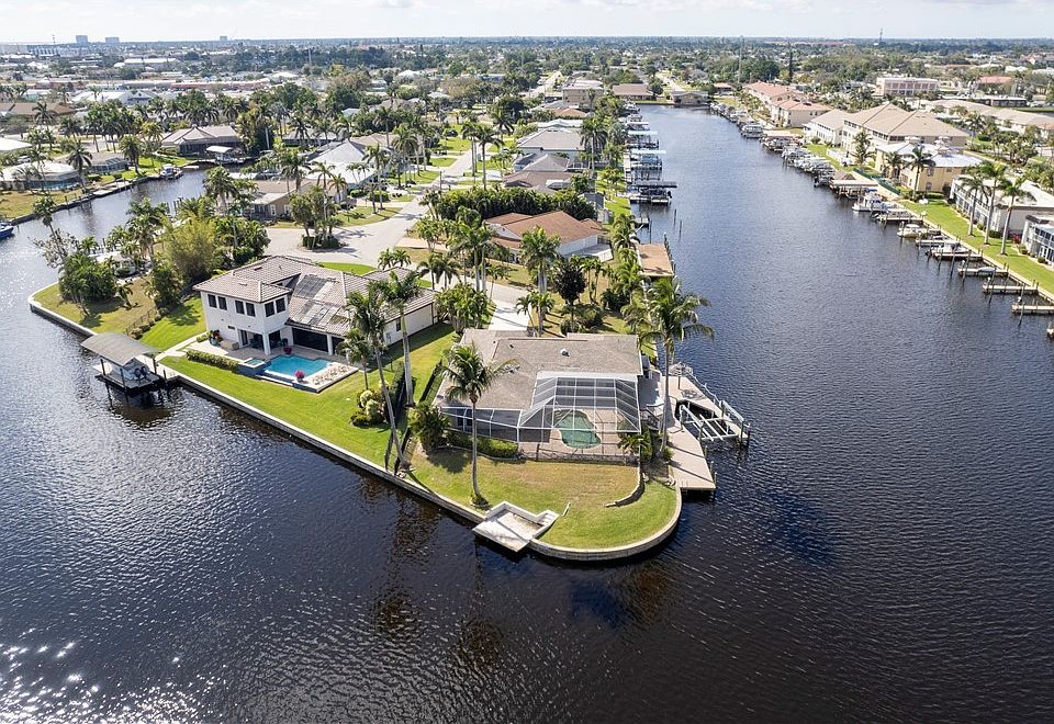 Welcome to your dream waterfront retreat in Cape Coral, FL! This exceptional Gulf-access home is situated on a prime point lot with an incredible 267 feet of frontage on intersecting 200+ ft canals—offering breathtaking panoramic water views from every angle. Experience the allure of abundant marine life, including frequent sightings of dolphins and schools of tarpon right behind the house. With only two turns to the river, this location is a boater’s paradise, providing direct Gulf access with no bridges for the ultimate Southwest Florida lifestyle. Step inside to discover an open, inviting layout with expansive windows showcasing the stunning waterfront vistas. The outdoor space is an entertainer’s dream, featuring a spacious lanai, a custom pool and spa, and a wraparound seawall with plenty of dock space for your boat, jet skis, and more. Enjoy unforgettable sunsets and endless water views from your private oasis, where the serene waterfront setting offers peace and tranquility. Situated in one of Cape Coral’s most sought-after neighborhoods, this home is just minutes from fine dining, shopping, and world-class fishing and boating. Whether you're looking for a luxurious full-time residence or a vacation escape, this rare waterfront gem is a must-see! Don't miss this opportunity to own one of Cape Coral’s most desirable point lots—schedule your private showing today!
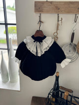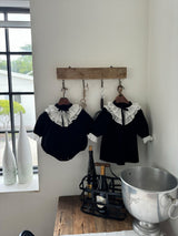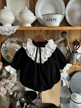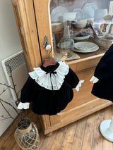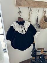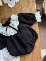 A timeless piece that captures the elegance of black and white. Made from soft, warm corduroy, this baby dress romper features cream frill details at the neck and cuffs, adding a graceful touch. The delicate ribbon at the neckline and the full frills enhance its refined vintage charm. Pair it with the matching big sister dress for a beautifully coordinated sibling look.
* * *
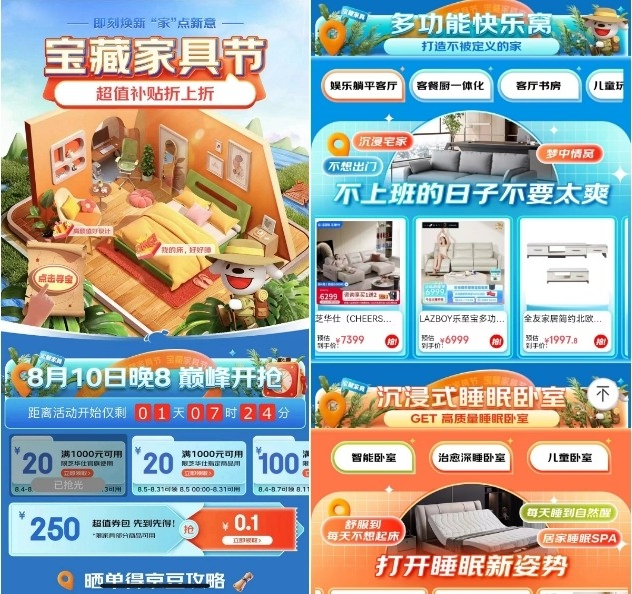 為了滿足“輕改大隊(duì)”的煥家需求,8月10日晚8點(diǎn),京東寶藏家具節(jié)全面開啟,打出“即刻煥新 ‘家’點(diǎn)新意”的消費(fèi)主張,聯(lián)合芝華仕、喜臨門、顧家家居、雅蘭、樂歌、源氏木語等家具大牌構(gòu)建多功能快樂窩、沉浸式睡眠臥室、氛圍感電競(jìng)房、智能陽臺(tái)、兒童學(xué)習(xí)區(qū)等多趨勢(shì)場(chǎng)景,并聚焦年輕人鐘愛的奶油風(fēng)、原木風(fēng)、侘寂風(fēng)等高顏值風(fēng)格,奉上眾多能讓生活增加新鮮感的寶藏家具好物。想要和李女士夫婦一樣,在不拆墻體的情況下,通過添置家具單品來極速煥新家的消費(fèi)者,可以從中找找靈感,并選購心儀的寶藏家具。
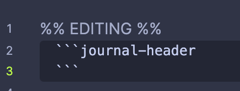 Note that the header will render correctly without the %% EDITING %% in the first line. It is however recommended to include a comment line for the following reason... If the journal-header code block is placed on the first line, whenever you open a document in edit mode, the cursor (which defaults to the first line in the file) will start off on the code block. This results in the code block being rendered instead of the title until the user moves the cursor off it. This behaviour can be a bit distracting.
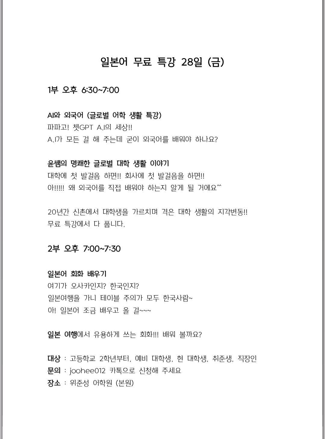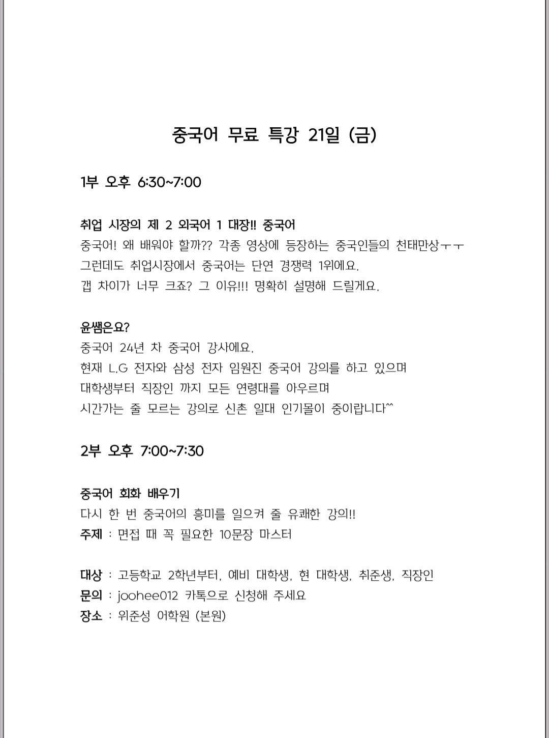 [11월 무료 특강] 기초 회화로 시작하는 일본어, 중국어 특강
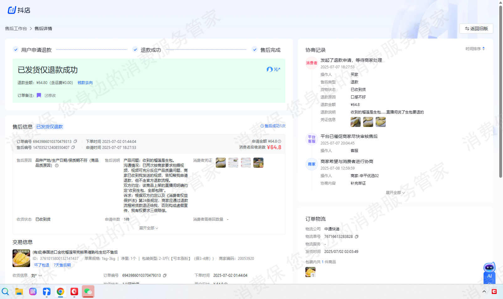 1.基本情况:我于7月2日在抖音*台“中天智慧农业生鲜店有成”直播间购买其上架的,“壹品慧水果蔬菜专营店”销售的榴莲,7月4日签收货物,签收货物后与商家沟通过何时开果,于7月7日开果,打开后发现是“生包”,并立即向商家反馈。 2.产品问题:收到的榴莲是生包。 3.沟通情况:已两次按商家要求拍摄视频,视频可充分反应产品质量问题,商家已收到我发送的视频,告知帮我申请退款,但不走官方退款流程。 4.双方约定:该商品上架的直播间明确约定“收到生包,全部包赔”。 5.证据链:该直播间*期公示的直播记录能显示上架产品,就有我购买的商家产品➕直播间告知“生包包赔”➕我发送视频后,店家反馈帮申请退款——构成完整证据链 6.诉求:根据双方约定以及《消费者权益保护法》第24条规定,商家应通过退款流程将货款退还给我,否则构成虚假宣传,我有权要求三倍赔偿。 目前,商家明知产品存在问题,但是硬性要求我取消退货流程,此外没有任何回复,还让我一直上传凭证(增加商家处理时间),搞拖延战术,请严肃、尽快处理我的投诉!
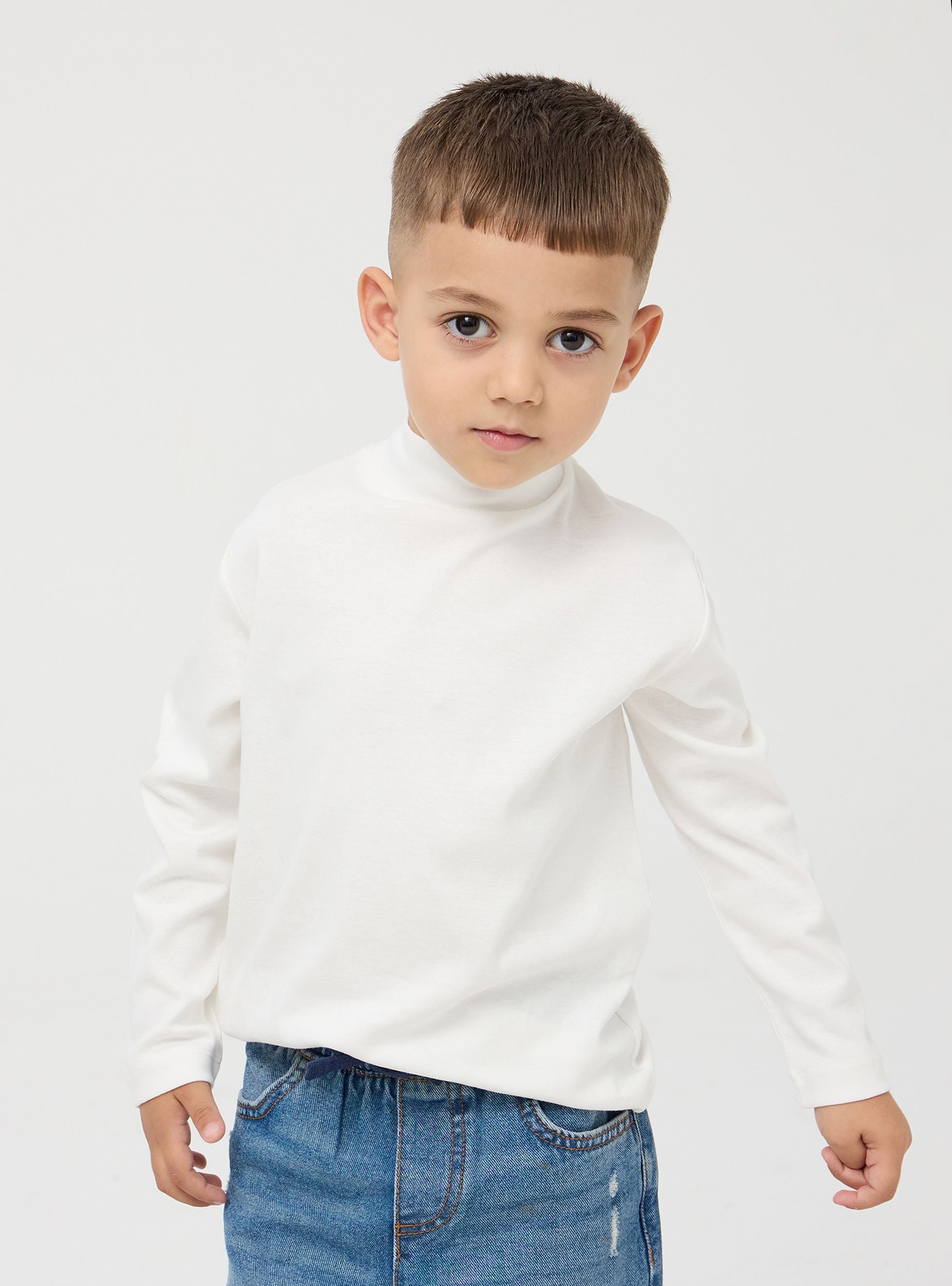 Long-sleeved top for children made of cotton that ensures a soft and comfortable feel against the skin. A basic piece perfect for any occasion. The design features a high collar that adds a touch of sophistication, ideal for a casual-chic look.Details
* * *
EXERCISE GOAL: After locating the line containing "Note that the" in the entries above, return it and every line after it exactly, ending at the line containing "Long-sleeved top for", without pictures.

RESPONSE TO THIS EXERCISE:
 Note that the header will render correctly without the %% EDITING %% in the first line. It is however recommended to include a comment line for the following reason... If the journal-header code block is placed on the first line, whenever you open a document in edit mode, the cursor (which defaults to the first line in the file) will start off on the code block. This results in the code block being rendered instead of the title until the user moves the cursor off it. This behaviour can be a bit distracting.
 [11월 무료 특강] 기초 회화로 시작하는 일본어, 중국어 특강
 1.基本情况:我于7月2日在抖音*台“中天智慧农业生鲜店有成”直播间购买其上架的,“壹品慧水果蔬菜专营店”销售的榴莲,7月4日签收货物,签收货物后与商家沟通过何时开果,于7月7日开果,打开后发现是“生包”,并立即向商家反馈。 2.产品问题:收到的榴莲是生包。 3.沟通情况:已两次按商家要求拍摄视频,视频可充分反应产品质量问题,商家已收到我发送的视频,告知帮我申请退款,但不走官方退款流程。 4.双方约定:该商品上架的直播间明确约定“收到生包,全部包赔”。 5.证据链:该直播间*期公示的直播记录能显示上架产品,就有我购买的商家产品➕直播间告知“生包包赔”➕我发送视频后,店家反馈帮申请退款——构成完整证据链 6.诉求:根据双方约定以及《消费者权益保护法》第24条规定,商家应通过退款流程将货款退还给我,否则构成虚假宣传,我有权要求三倍赔偿。 目前,商家明知产品存在问题,但是硬性要求我取消退货流程,此外没有任何回复,还让我一直上传凭证(增加商家处理时间),搞拖延战术,请严肃、尽快处理我的投诉!
 Long-sleeved top for children made of cotton that ensures a soft and comfortable feel against the skin. A basic piece perfect for any occasion. The design features a high collar that adds a touch of sophistication, ideal for a casual-chic look.Details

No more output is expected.